When either professionals who use firearms, or clinicians for that matter, train those skills together in realistic scenarios with desirable difficulty and implement user-built processes that require a change in their practice patterns, they learn humility, trust, and the reality of performance on demand to complete the mission or provide high reliability care. In doing so, healthcare teams find out who gives up on the change initiative, who endures, and who will fight for their patients and their teammates.


That shared experience forges cohesion and the ability to predict the next action, the critical bond that great teams need.


But its more than that. Great teams also require a great organizational culture in which to operate.


In healthcare, a culture of accountability can reliably provide the safest, high quality care in ways that a soft, "I-just-want-to-be-liked," culture never can. High-performing professionals coach and mentor new high-performing teammates in the art of demanding accountability to "perform to our mutually agreed-upon standards." In so doing, they intentionally maintain their culture and raise the next generation of great care givers.


The Ultimate Lesson I've Learned from Firearms Training?

At its deepest level, great firearms training taught me this: Expertise and virtue (being a good human and teammate) are inseparable.


Expertise without virtue often ends in tyranny; virtue without expertise leads to errors. Both ultimately end in organizational failure.

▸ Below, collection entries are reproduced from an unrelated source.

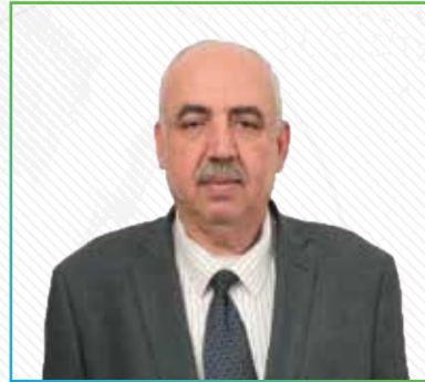
Member of the Board
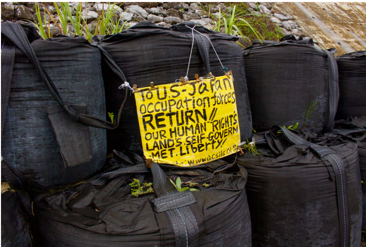
Taken at the protest site outside Camp Schwab, August 16, 2018.
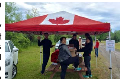
Front gate welcoming committee greeting cars

Our thanks to the many volunteers who helped out and all the picnickers who came out. At the end of the day, all attendees left with full bellies and big smiles!
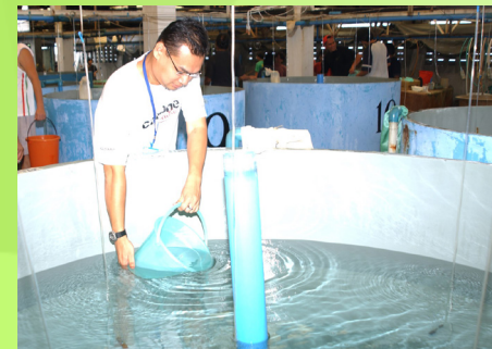
SEAFDEC/AQD's multi-species marine fish hatchery
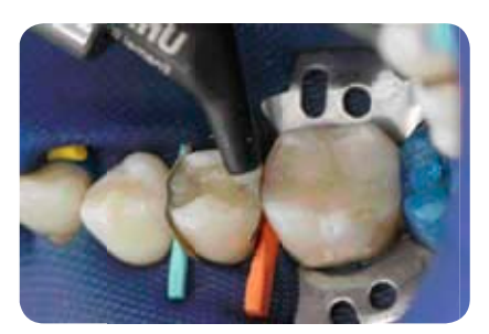
Fig. 21: Application of the Synergy D6 enamel material.
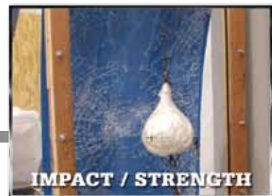
IMPACT / STRENGTH
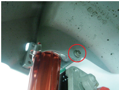
4. USE ORIGINAL FRONT FENDER SCREW TO LOCK FRONT FENDER AND FRONT FENDER RING. . AND THEN LOCK STEP NO. 2
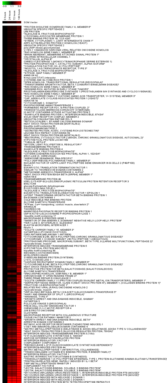
Figure 2 Expression profiles for cluster I. Each row represents an individual gene, and each column a post-infection time point. Red coloration indicates increased expression of a gene relative to uninfected animals, and green indicates decreased expression. Genes (Cluster I, n = 158) identified to be significantly up-regulated in response to ATV infection.
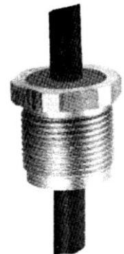
BS 162... plug-in type
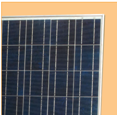
Solder-coated grid results in high fill factor performance under low light conditions.
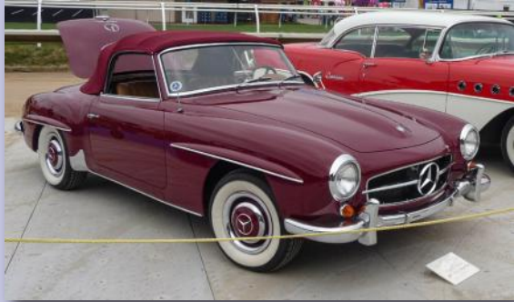
1961 Mercedes-Benz 190 SL Brian Kruse
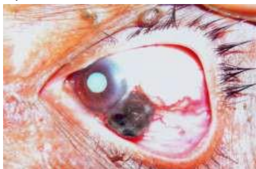
Figure 1: Conjunctival malignant melanoma of the left eye on initial presentation

With an informed written consent, the patient presented for surgery. Wide local excision of the tumour, with a clear margin of 4mm was achieved using no touch technique followed by double freeze thaw cryotherapy of the conjunctival margins and the scleral bed. The residual conjunctival defect was closed with primary closure using a second set of instruments to avoid contaminating the field with the previous instruments. Postoperative recovery was uneventful (Figure 2). The cataract was left untreated.

In healthcare, the high-performing professional's path is to unite the two, to be both a clinical expert and a good human.


That’s why I train teamwork and communications skills like I do. That’s why my training includes scenario-based drills with multiple repetitions.


That’s why I insist on implementing user-built, "best-practice" processes that embed teamwork and communication as forcing functions.


It's why I train the system I do, to create a culture of accountability by design.


Because everything healthcare organizations want to achieve in high-reliability depends on it.